Krok 6. Użyj pędzla aby przenieść resztki farby ze słoiczka do lejka. Powtarzaj aż uznasz że wystarczy. Pędzlem zbierz jak najwięcej farby z lejka do butelki.
Step 6. Use a brush to transfer the remaining paint from the jar to the funnel. Repeat until you think that's enough. Brush as much paint as possible from the funnel into the bottle.

Krok 7. Wrzuć do butelki kulkę do łożysk jako mieszadło. Zatkaj butelkę lejkiem i korkiem.
Step 7. Drop the bearings ball, which will work as an agitator,  into the bottle. Close the bottle with a spout and a stopper.

Krok 8. Przenieś naklejkę z nazwą farby ze słoiczka na butelkę. 
Step 8. Transfer the sticker with the paint name from the pot onto the bottle.

Krok 9. Et voila. Taniec zwycięstwa.
Step 9. Et voila. Victory dance.

Nie zapomnijcie oczywiście po skończonej pracy umyć narzędzi (lejków zwłaszcza).
Of course, don't forget to wash your tools (especially the funnels) after work.
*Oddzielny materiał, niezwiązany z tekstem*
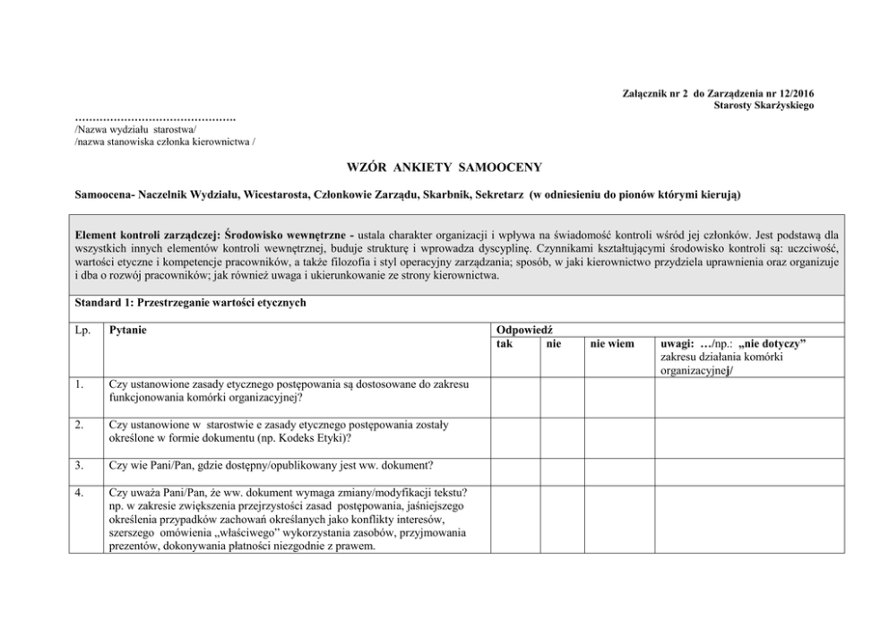 Załącznik nr 2 do Zarządzenia nr 12/2016 Starosty Skarżyskiego ………………………………………. /Nazwa wydziału starostwa/ /nazwa stanowiska członka kierownictwa / WZÓR ANKIETY SAMOOCENY Samoocena- Naczelnik Wydziału, Wicestarosta, Członkowie Zarządu, Skarbnik, Sekretarz (w odniesieniu do pionów którymi kierują) Element kontroli zarządczej: Środowisko wewnętrzne - ustala charakter organizacji i wpływa na świadomość kontroli wśród jej członków. Jest podstawą dla wszystkich innych elementów kontroli wewnętrznej, buduje strukturę i wprowadza dyscyplinę. Czynnikami kształtującymi środowisko kontroli są: uczciwość, wartości etyczne i kompetencje pracowników, a także filozofia i styl operacyjny zarządzania; sposób, w jaki kierownictwo przydziela uprawnienia oraz organizuje i dba o rozwój pracowników; jak również uwaga i ukierunkowanie ze strony kierownictwa. Standard 1: Przestrzeganie wartości etycznych Lp. Pytanie 1. Czy ustanowione zasady etycznego postępowania są dostosowane do zakresu funkcjonowania komórki organizacyjnej? 2. Czy ustanowione w starostwie e zasady etycznego postępowania zostały określone w formie dokumentu (np. Kodeks Etyki)? 3. Czy wie Pani/Pan, gdzie dostępny/opublikowany jest ww. dokument? 4. Czy uważa Pani/Pan, że ww. dokument wymaga zmiany/modyfikacji tekstu? np. w zakresie zwiększenia przejrzystości zasad postępowania, jaśniejszego określenia przypadków zachowań określanych jako konflikty interesów, szerszego omówienia „właściwego” wykorzystania zasobów, przyjmowania prezentów, dokonywania płatności niezgodnie z prawem. Odpowiedź tak nie nie wiem uwagi: …/np.: „nie dotyczy” zakresu działania komórki organizacyjnej/ 5. 6. Czy wprowadzenie ww. dokumentu przyczynia się do poprawy jakości pracy starostwa? Czy w kierowanej przez Panią/Pana komórce organizacyjnej wprowadzono tryb zgłaszania i reagowania w przypadku sygnałów o zaistnieniu nieprawidłowości oraz naruszeniu zasad etycznego postępowania? 7. Czy w kierowanej przez Panią/Pana komórce organizacyjnej wystąpił przypadek postawienia któremuś pracownikowi zarzutu działania niezgodnego z zasadami etycznego postępowania? 8. Jak ocenia Pani/Pan przestrzeganie przez pracowników komórki organizacyjnej zasad etycznego postępowania określonych w formie dokumentu (np. w Kodeksie Etyki): Praworządność 8./1 8./2 Uprzejmość i życzliwość w kontaktach z klientami 8./4 Uczciwość ,Odpowiedzialność 8./5 Godne zachowanie w miejscu pracy i poza nim 9. 9./1 źle Profesjonalizm 8./3 8./6 bardzo źle Bezstronność Jakie zdaniem Pani/Pana zasady (standardy) postępowania pracowników komórki organizacyjnej podczas wypełniania przez nich obowiązków służbowych wymagają doskonalenia / poprawy? Praworządność 9./2 Uczciwość, Odpowiedzialność 9./3 Profesjonalizm proszę zaznaczyć dobrze bardzo dobrze trudno powiedzieć 9./4 Dbałość o dobre imię starostwa i pracowników w niej zatrudnionych 9./5 Godne zachowanie w miejscu pracy i poza nim 9./6 Uprzejmość i życzliwość w kontaktach z klientami 9./7 Bezstronność 9.8. Inne ( jakie?) 10. Czy dokument określający zasady etycznego postępowania (Kodeks Etyki) jest dokumentem, z którego w różnych sytuacjach zawodowych Pani/Pan korzysta? często 11. Czy treści zawarte w dokumencie określającym zasady etycznego postępowania (Kodeksie Etyki) pogłębiły refleksję nad własnym postępowaniem w pracy? tak nie raczej często raczej rzadko trudno powiedzieć uwagi Standard 2: Kompetencje zawodowe tak 13. 14. 15. 16. Czy wszystkie podległe Pani/Panu stanowiska pracy mają określone pisemnie wymagania dotyczące zakresu wiedzy, umiejętności i doświadczenia niezbędne do ich zajmowania? Czy przegląda i aktualizuje Pani/Pan niezbędne wymagania z zakresu wiedzy, umiejętności i doświadczenia dla poszczególnych stanowisk pracy poprzez system okresowych ocen pracowników? Czy okresowo formułuje Pani /Pan zalecenia stanowiące podstawę planowania szkoleń? Czy umożliwiono Pani/Panu każdorazowo udział w procesie rekrutacji pracowników na wakaty w kierowanej przez Panią/Pana komórce organizacyjnej ? nie nie wiem uwagi rzadko trudno powiedzieć 17. Czy przebieg i wynik rekrutacji jest każdorazowo upubliczniany? Czy umożliwiono Pani/Panu rozwój kompetencji zawodowych (np. udział w konferencjach, szkoleniach)? Standard 3: Struktura organizacyjna 18. Czy struktura organizacyjna w komórce organizacyjnej jest dostosowana do jej aktualnych celów i zadań? 20. Czy kierowana przez Panią / Pana komórka organizacyjna wykonuje wyłącznie zadania wskazane w statucie lub regulaminie organizacyjnym? 21. Czy okresowo ocenia Pani/Pan strukturę organizacyjną pod kątem możliwości usprawnienia organizacji pracy? 22. Czy zdaniem Pani/Pana występuje sytuacja nieuzasadnionego nakładania się uprawnień i odpowiedzialności pomiędzy komórkami organizacyjnymi/stanowiskami pracy w starostwie? 23. Czy podlegli Pani/Panu pracownicy komórki organizacyjnej mają przypisany formalnie, aktualny zakres uprawnień, obowiązków i odpowiedzialności ? w jakiej formie? 24. Czy podlegli Pani/Panu pracownicy każdorazowo są informowani o zmianach w strukturze organizacyjnej? Standard 4: Delegowanie uprawnień 19. 25. 26. 27. 28. Czy posiada Pani/Pan potwierdzony pisemnie, precyzyjnie określony zakres uprawnień i obowiązków? ( nie dotyczy członków zarządu) Czy zakres nadanych Pani/Panu uprawnień umożliwia skuteczną realizacją zadań? Czy podlegli Pani/Panu pracownicy posiadają wystarczające uprawnienia do wykonywania działań i podejmowania decyzji o charakterze bieżącym? Czy w stosunku do podległych Pani/Panu pracowników wystąpiła konieczność cofnięcia uprawnień w związku z nienależytym ich wykorzystywaniem lub wykonywaniem? Element kontroli zarządczej: Cele i zarządzanie ryzykiem - jasne określenie misji może sprzyjać ustale

EFEKT KOŃCOWY/FINAL EFFECT

Kawał historii farb Citadel/Whole history of Citadel paints

Metaliki i washe/Metalics and washes

Zółcie i pomarańcze/Yellows and oranges

Kolory skóry/Skin colours

Czerwienie i zielenie/Reds and greens

Niebieskie i szarości/Blues and greys

Brązy/Browns

Nie bawiłem się w przenoszenie farb typu Dry, Technical czy tych nowych Contrast. Do Contrastów i nowych washy zapewne przydałaby się większa buteleczka.
I did not transfer the Dry, Technical or the new Contrast paints. You will probably need a bigger bottle for the Contrasts or the new washes.

PODSUMOWANIE/SUMMARY
Szczerze mówiąc to od dawna nie kupowałem już nowych farb GW (pomijając ostatnie Contrasty). Farby w butelkach typu Vallejo czy Army Painter pasują mi bardziej właśnie z uwagi na łatwiejszą kontrolę jaką mam nad farbą w przypadku dozowania i mieszania. Butelki zajmują mi mniej miejsca i łatwiej mi się je przechowuje. W kwestiach które farby są lepsze nie będę się wypowiadał. Każdy gustuje w tym co chce.

To be honest, I have not bought new GW paints for a long time (apart for the Contrasts). Paints in bottles like Vallejo or Army Painter suit me more, because of the better control I have over the paint when dispensing and mixing. The bottles take up less space and are easier to store. I will not comment on which paints are better. Everyone likes what they want.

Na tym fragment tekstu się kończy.